The redesigned petition is an alternative to the online petition, which has now been rolled out to litigants in person and is clearly drafted with the lay petitioner in mind. It includes helpful guidance running down the side of the form rather than in a separate document as was previously the case. Whilst this attempt at clarity is to be applauded, it leads to the problem that, in some areas of the form, HMCTS have oversimplified complex concepts and in at least one case have misstated the law.

Section 6.1 of the new petition sets out the fact(s) which bare to be relied on as “the reason for your divorce or dissolution”. The familiar words from the statute are restated: “Behaviour: The Respondent has behaved in such a way that the Petitioner/Applicant cannot reasonably be expected to live with the Respondent.” This is accompanied by guidance directly to the right of this tick box which states as follows: “Behaviour cannot be used if you lived together as a couple for a period, or periods, totalling more than 6 months after the date of last incident [sic] you want to rely on as evidence.” (emphasis added). The statute contains no such bar and the guidance, as now stated in the petition, contradicts the relevant subsection of the Matrimonial Causes Act 1973.

It must be remembered that the basis of the behaviour fact is not, as is often incorrectly stated and as we were reminded by the Supreme Court in Owens v Owens, “unreasonable
behaviour”. It is behaviour that means that “the Petitioner cannot reasonably be expected to live with the Respondent”. Section 2(3) is rather opaquely drafted but the effect is that
continued cohabitation of under six months since the last event relied on as behaviour is disregarded in deciding upon the reasonableness of that expectation, whilst cohabitation
of more than six months is, although not irrelevant to the reasonableness test, not a bar to the fact being relied on.
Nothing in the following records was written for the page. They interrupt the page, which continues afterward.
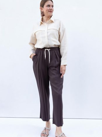 Capture a modern and comfortable style with our Coffee-Colored Elastic Waist Wide Leg Pants. Discover other models in ALLDAY’s Viscose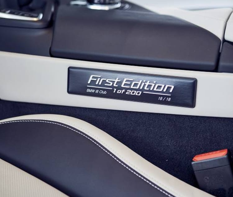 Die ersten 18 Fahrzeuge dieser First Edition wurden jetzt übergeben. Interieur-Sonderausstattungen wie Keramikapplikationen für die Bedienelemente, die Interieurleisten aus DryCarbon, das Hi-Fi Lautsprechersystem von Harman Kardon sowie die BMW i8 Logoprojektion im Fußraum und bei geöffneter Türe sind weitere Besonderheiten dieser exklusiven Edition.
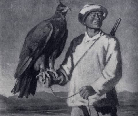 С. А. Чуйков. Охотник с беркутом. 1938 г. Фрунзе, Музей изобразительных искусств Киргизской ССР - илл. 84 а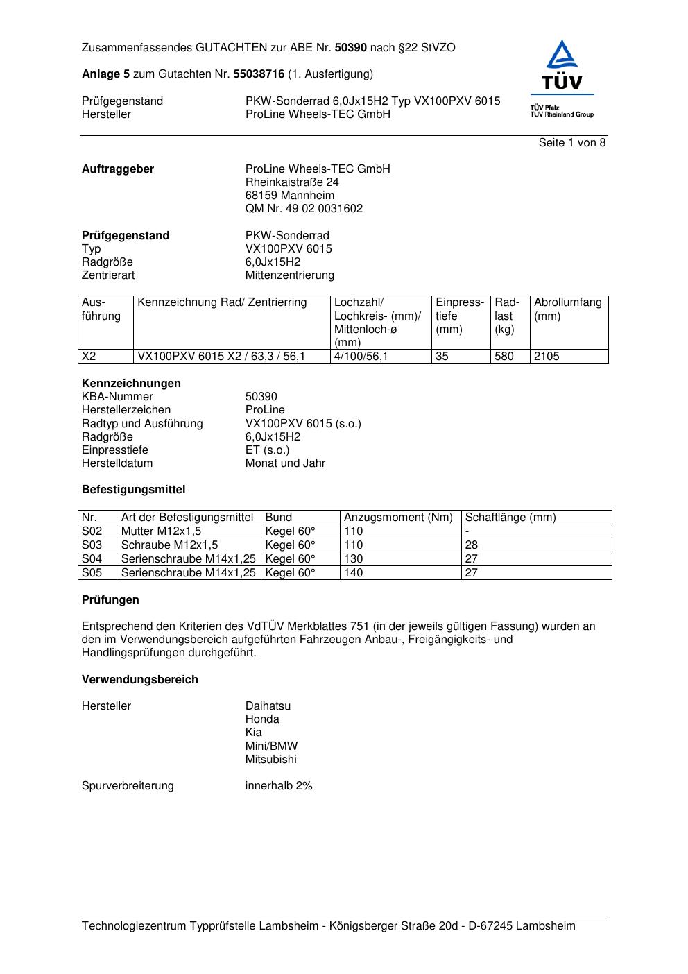 Dieses Gutachten (ABE) bezieht sich auf die Alufelge Proline VX100 in der Ausführung 6Jx15 ET 0, Mittenloch 0 mm (KBA 50390). Im PDF findest du typischerweise zulässige Reifengrößen, Auflagen/Anbauhinweise und – je nach Dokument – Hinweise zur Eintragung.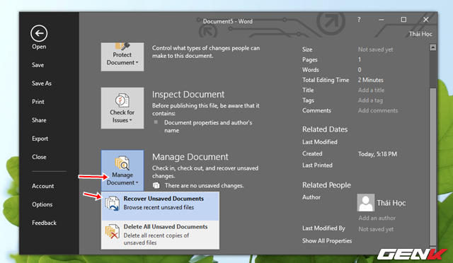 Giao diện Info xuất hiện, bạn hãy tìm đến tùy chọn “Manage Document” và nhấp vào chọn “Recover Unsaved Documents”.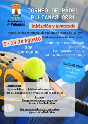 ¡DEL 9 AL 13 DE AGOSTO! Ya puedes inscribirte para el Torneo de Padel Pulianas 2021. El torneo se realizará del 9 al 13 de Agosto y consta de dos categorías: ...

This is in stark contrast to the six-month bar in s2(1), where the
fact of adultery is being relied on.

This misstatement of the law in the official guidance on the face of the petition is unfortunate and, in the opinion of the author, may, in fact, be dangerous. As long ago as 1973 Scarman LJ in Bradley v Bradley [1973] 1 WLR 1291 (CA) realised that in some cases the petitioner may have had no choice but to remain in the home, even continuing to live “as a couple”:

“There are many, many reasons why a woman will go on living with a beast of a husband. Sometimes she may live with him because she fears the consequences of leaving. Sometimes it may be physical duress; but very often a woman will willingly make the sacrifice of living with a beast of a husband because she believes it to be in the true interest of her children. Is such a woman to be denied the opportunity… of calling evidence to show that, although she is living with him, yet the family situation is such and his behaviour is such that she cannot reasonably be expected to do so? It seems to me… that there is no logical difficulty in the way of the wife; and the Act plainly envisages that
she should have the opportunity of placing her case before the court.”
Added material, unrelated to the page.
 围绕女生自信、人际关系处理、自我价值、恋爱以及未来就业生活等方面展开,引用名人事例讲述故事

The judgment of Scarman LJ was obviously given at a time when many more divorce petitions were defended but it is not difficult to envisage a situation where an abused
spouse takes over six months from the last event of abuse to build up the courage to issue divorce proceedings. Such a petitioner, unable to afford or unwilling to seek legal advice,
might have real concerns when reading the guidance on the form over whether they can in fact petition for a divorce if they are unable at that time to prove one of the other facts. Practitioners, of course, understand that the law is not actually as stated on the new petition but, in a climate where an ever-increasing amount of petitioners are unrepresented, it may act as a real deterrent to petitions being raised.
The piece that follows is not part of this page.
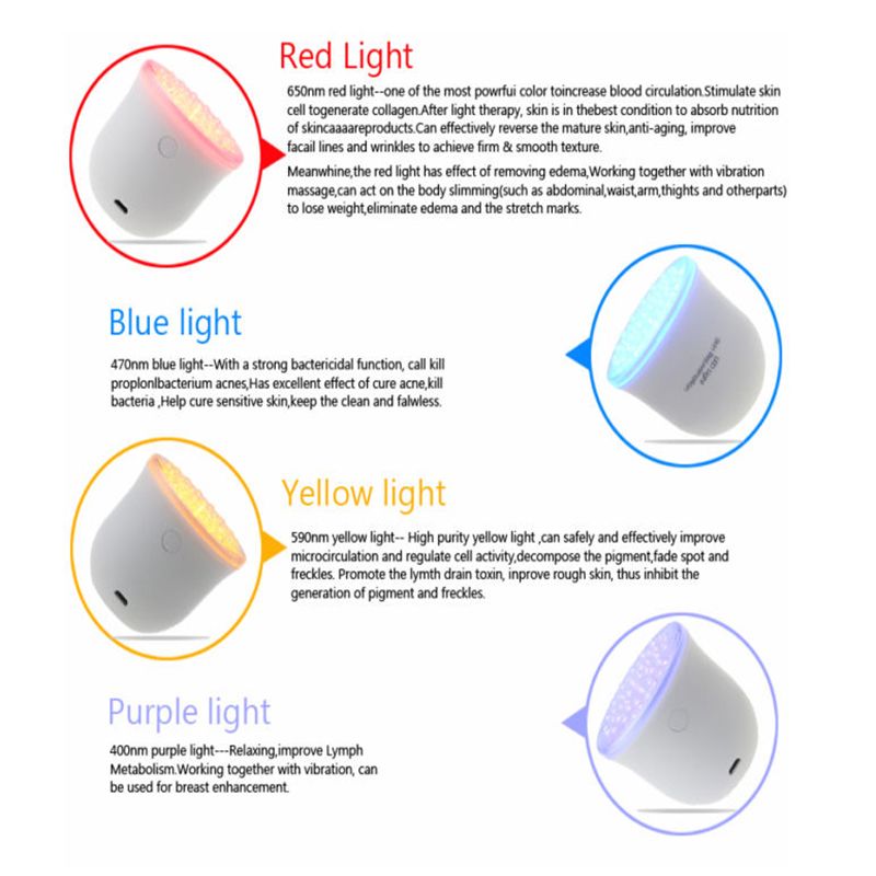 Therapeutic purple head with 40 LED lights 400nm Relaxing, Improve Lymph Metabolism. Working together with vibration, can be used for breast enhancement

Helpfully, the guidance contained in the new online divorce petition states the law correctly. Although the uptake of the online petition has been significant, it seems likely that for some time to come lay petitioners will continue to use the paper-based petition. It has now been some time since the “new” petition was released, and teething problems were inevitable, but this guidance must be amended as soon as possible to ensure that it states the law correctly as it is set out in the statute.